CMTRA : Colette Alliot-Lugaz sera prête à interpréter les "Chansons d'Auvergne" de Canteloube, à la suite de Victoria de Los Angeles?
A.C. : Elle l'a déjà fait. Souvent en récital accompagné d'un piano et avec André Gabriel, un musicien connu dans le paysage de la musique traditionnelle ou baroque. Mais justement, dans ce spectacle il n'y a pas ce côté savant de Canteloube. Avec les arrangements d'Andrea Sibilio, l'ambiance musicale est, je crois, beaucoup plus simple et plus à l'avantage des musiques traditionnelles.
CMTRA : Alain, tout cela est très intéressant, et nous avons hâte de juger sur pièces. Un projet de compact-disque dans la continuité du spectacle ?
A.C. : Oui, bien sûr.

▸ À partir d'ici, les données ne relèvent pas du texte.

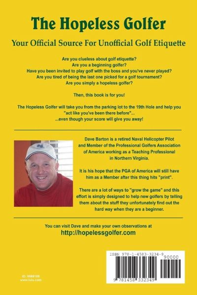Your official source for unofficial golf etiquette. Are you clueless about golf etiquette? Are you a beginning golfer? Have you been invited to play golf with the boss and you've never played? Are you tired of being the last one picked for a golf tournament? Are you simply a hopeless golfer? This book is for you! The Hopeless Golfer will take you from the parking lot to the 19th Hole and help you act "like you've been there before" ... even though your score will give you away...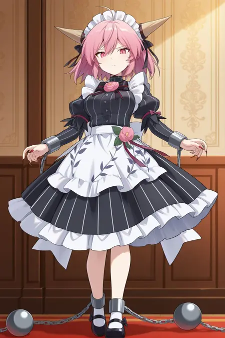 ibaraki douji's arm, 1girl, solo, pink eyes, pink hair, medium hair, horns, medium breasts,, ibaraki douji's arm \(why am i a maid?!\), alternate costume, maid headdress, horn ribbon, black ribbon, fishnet, vertical-striped dress, black dress, frilled dress, long sleeves, white apron, waist apron, back bow, white bow, black shoes, mary janes, cuffs, ball and chain restraint, long fingernails, sharp fingernails,
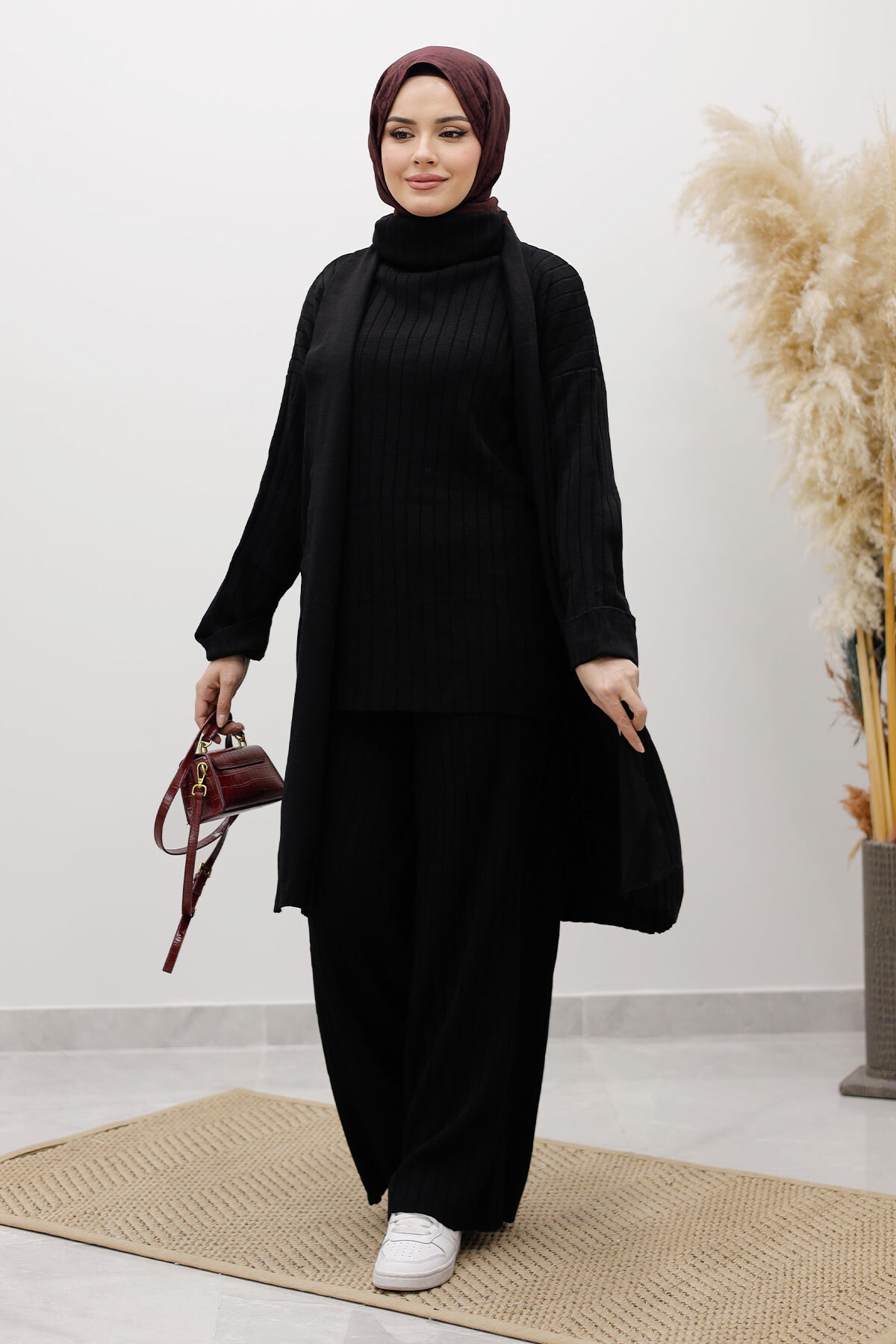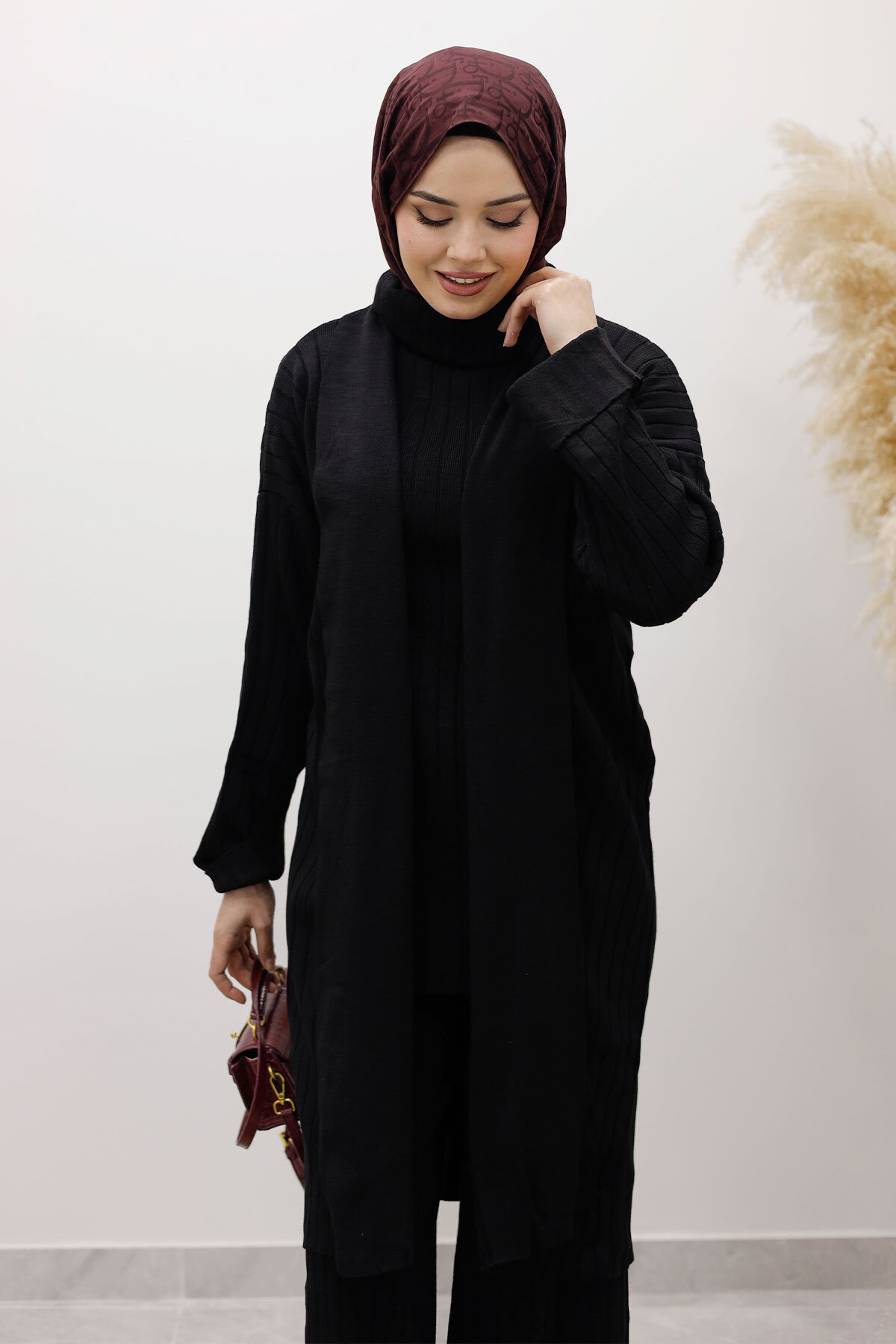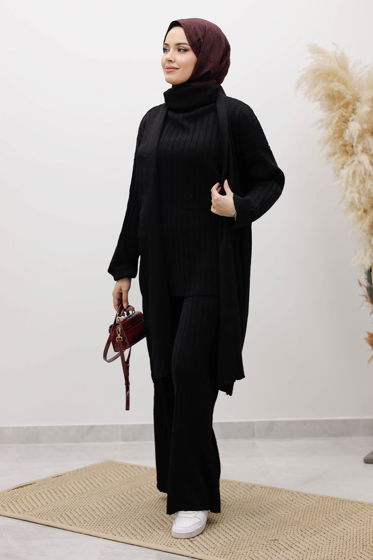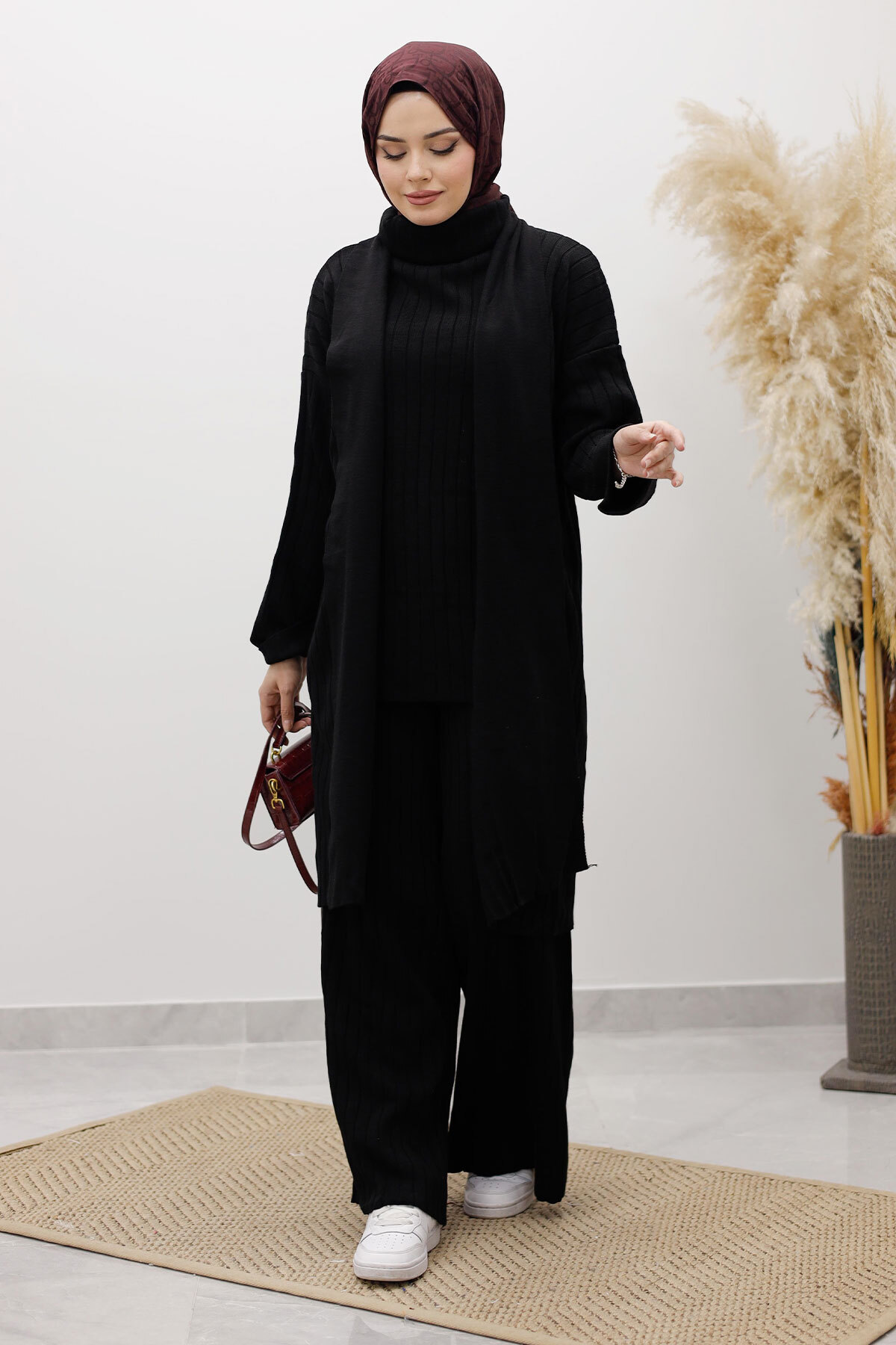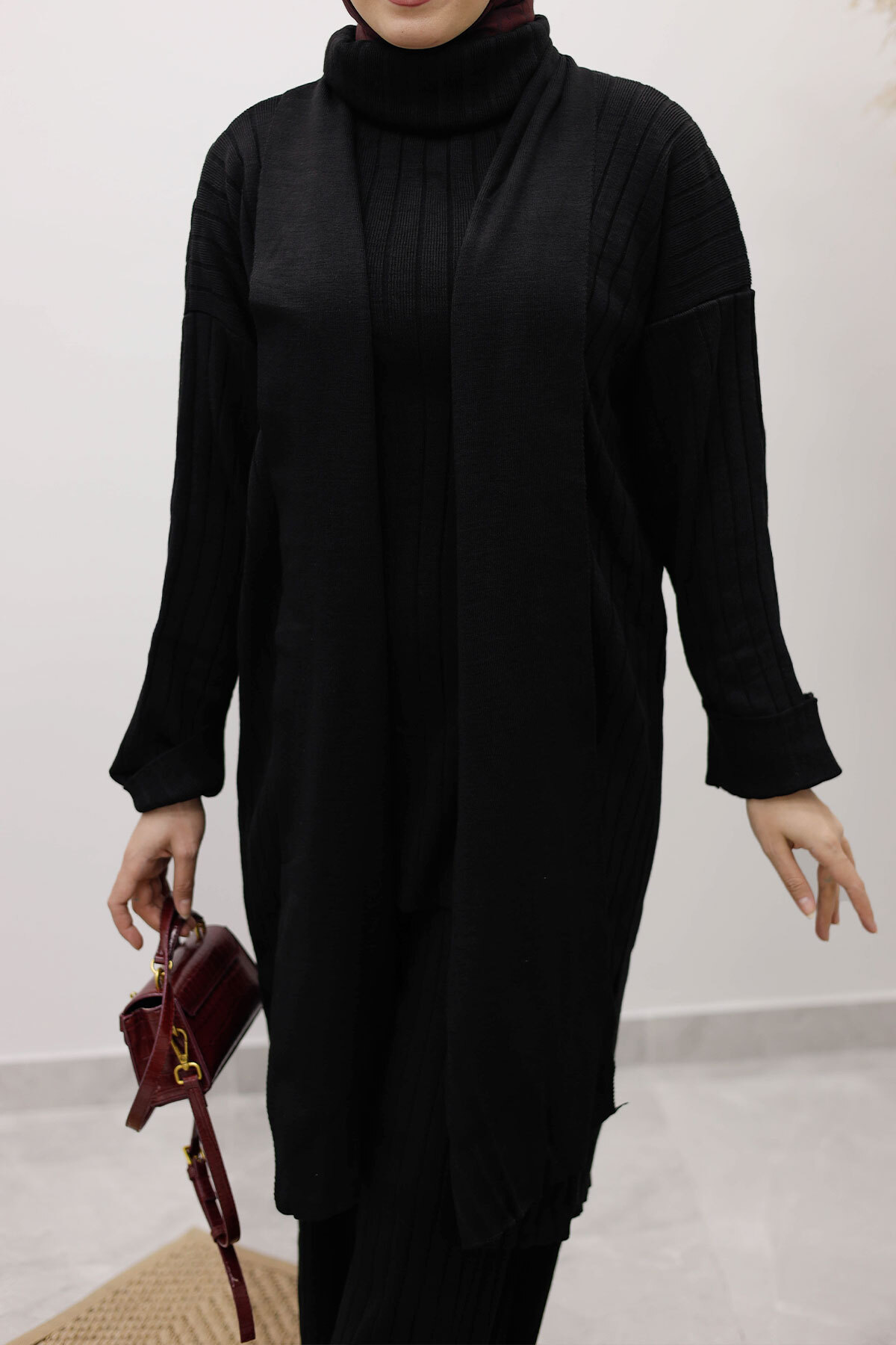 Boğazlı Üçlü Triko Takım TSD260111 Siyah Özellikleri

C'est une question de temps et "d'économie". Normalement nous devons réaliser un CD de ce spectacle au plus tard pour notre passage à Annecy. Le CD devrait être d'une cinquantaine de minutes, extraites du spectacle d'une heure et demie. C'est tout à fait d'actualité et nous allons le faire.
CMTRA : Et le CMTRA se fera un plaisir de le distribuer. Alain Claude, merci.